Ve Polonya: Hatırlayın Rosa Luxemburg’un Polonya’nın burjuvazisini öne sürerek ayrılma hakkına itirazlarına V. İ. Lenin en ufak taviz vermeyip, “Ezilen ulusların milliyetçiliğinden korkmakla Rosa Luxemburg gerçekte Büyük-Rusların kara-yüzler milliyetçiliğinin oyununa gelmektedir,” derken; sonra da farklı vesilelerle ekler:
“Ezen ülkelerin işçilerinin enternasyonalist eğitimi, zorunlu olarak her şeyden önce ezilen ülkelerin özgürlüğü ve ayrılması ilkesinin savunulmasını içermelidir.”

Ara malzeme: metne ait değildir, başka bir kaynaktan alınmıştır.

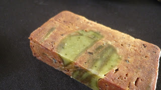 Si ultimul, un sapun cu sare de mare si alge, fara parfum. A iesit foarte frumos insa cred ca am exagerat putin cu sarea si din cauza asta e destul de fragil, se rupe usor si cred ca il voi reface. Dar pana una alta il voi prezenta pentru ca totusi arata bine si ca si celelalte sapunuri contine numai uleiuri vegetale bune pentru piele. Mai exact are uleiuri saponificate de cocos, masline in procent de 65% (mai mult ca la celelalte), palmier, alge maruntite, sare de mare si albatru de metilen.

“Ayrılma hareketi karşısındaki tutumumuz, bir kayıtsızlık, yansızlık tutumudur. Eğer Finlandiya, Polonya ya da Ukrayna, Rusya’dan ayrılırlarsa, bunu kötü bir şey saymayız. Bunda kötü ne olabilir ki? Buna kötü bir şey diyecek olan şovendir. Çar Nikola’nın siyasetini devam ettirmek isteyen kimse deli olmalıdır. Norveç, İsveç’den ayrılmadı mı? Norveç’in İsveç’ten ayrılmasından sonra bu iki ülkenin halkları arasında, proleterleri arasında karşılıklı güven artmıştır. İsveçli toprak sahipleri, bu yüzden savaşa girişmek istediler, ama İsveçli işçiler böyle bir savaşa katılmayı reddettiler.”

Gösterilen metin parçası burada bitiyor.